> **Input records**
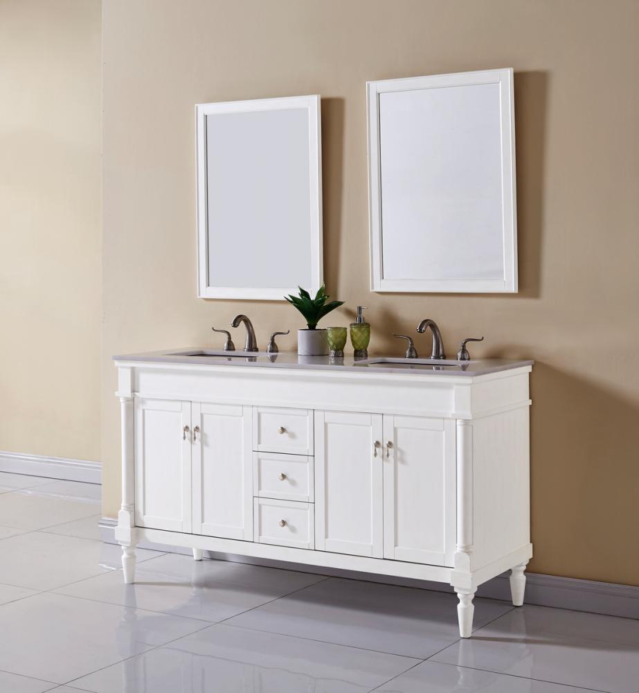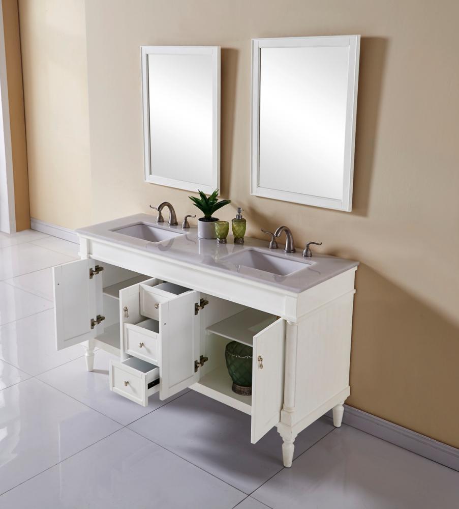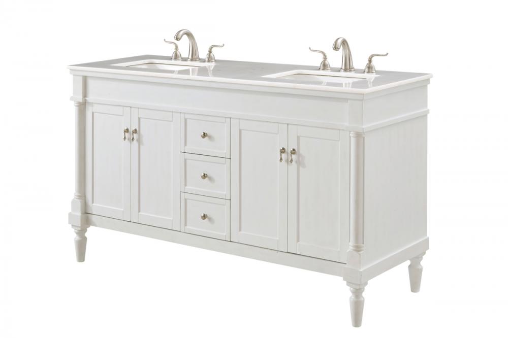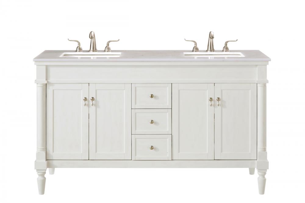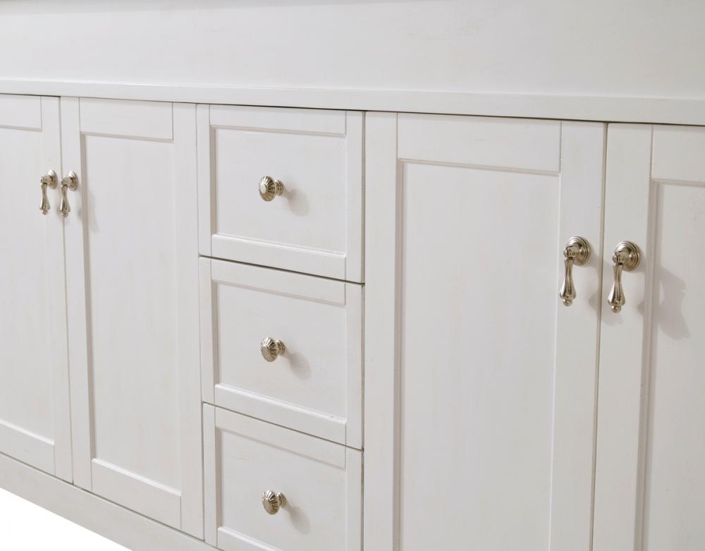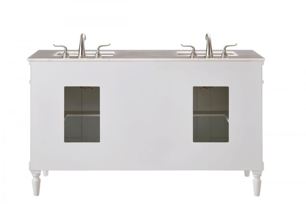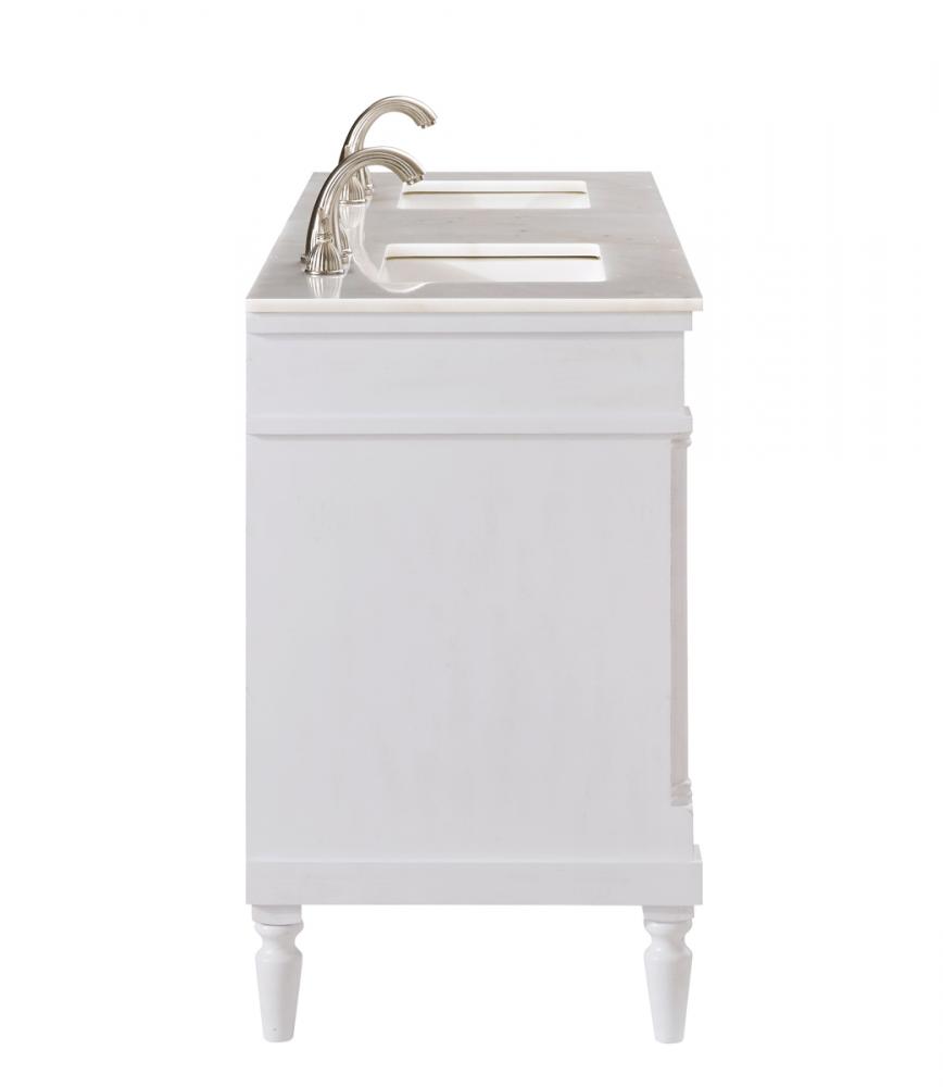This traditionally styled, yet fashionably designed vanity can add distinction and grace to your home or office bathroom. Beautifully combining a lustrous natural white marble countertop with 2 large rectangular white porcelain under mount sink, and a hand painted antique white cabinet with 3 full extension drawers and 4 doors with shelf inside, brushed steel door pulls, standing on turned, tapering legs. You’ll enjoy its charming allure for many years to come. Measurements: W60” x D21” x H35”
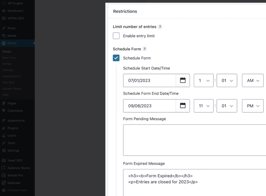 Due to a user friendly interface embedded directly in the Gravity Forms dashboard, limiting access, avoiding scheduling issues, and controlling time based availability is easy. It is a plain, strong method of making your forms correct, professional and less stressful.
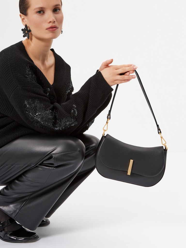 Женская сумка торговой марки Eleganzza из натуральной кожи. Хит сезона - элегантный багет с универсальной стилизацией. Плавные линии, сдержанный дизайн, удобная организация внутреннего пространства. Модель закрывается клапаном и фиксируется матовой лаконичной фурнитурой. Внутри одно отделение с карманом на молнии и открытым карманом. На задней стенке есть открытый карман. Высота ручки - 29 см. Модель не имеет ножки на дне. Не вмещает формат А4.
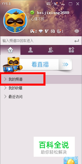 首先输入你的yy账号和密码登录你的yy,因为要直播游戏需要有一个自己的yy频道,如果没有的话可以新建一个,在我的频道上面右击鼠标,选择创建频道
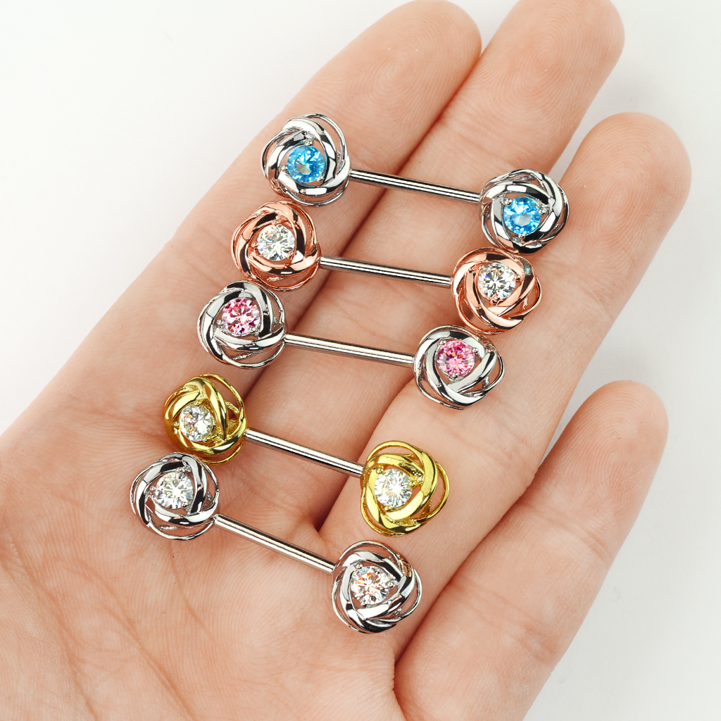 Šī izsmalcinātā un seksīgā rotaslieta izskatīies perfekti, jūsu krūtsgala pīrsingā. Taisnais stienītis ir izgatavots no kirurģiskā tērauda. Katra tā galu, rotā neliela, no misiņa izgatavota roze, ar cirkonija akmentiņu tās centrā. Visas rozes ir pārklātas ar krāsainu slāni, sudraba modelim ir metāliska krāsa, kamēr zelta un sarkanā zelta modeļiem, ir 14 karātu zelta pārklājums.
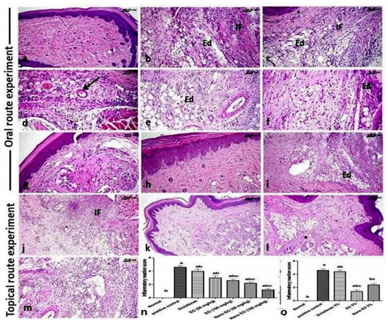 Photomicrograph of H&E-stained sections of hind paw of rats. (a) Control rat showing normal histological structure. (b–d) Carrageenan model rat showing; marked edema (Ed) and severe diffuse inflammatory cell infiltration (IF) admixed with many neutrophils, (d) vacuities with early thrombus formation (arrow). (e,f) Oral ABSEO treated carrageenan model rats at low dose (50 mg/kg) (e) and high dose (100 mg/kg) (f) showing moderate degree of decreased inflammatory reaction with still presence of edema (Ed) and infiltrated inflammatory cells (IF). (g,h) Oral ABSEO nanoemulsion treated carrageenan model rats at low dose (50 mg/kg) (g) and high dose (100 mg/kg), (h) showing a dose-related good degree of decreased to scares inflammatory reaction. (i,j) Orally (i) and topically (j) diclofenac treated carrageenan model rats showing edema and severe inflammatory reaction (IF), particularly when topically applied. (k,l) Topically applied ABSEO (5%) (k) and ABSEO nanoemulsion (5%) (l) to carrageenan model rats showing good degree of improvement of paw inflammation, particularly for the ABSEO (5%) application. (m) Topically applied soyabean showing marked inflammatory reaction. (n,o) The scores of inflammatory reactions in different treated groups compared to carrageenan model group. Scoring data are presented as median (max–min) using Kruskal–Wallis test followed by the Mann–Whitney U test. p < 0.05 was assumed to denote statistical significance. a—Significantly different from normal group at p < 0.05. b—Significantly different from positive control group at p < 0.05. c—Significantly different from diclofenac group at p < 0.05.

> **Task details**
For this exercise, reproduce exactly the lines of the records above from the one with "首先输入你的yy账号和密码登" up to and including the one with "Šī izsmalcinātā un", without pictures.

> **The completed task**
 首先输入你的yy账号和密码登录你的yy,因为要直播游戏需要有一个自己的yy频道,如果没有的话可以新建一个,在我的频道上面右击鼠标,选择创建频道
 Šī izsmalcinātā un seksīgā rotaslieta izskatīies perfekti, jūsu krūtsgala pīrsingā. Taisnais stienītis ir izgatavots no kirurģiskā tērauda. Katra tā galu, rotā neliela, no misiņa izgatavota roze, ar cirkonija akmentiņu tās centrā. Visas rozes ir pārklātas ar krāsainu slāni, sudraba modelim ir metāliska krāsa, kamēr zelta un sarkanā zelta modeļiem, ir 14 karātu zelta pārklājums.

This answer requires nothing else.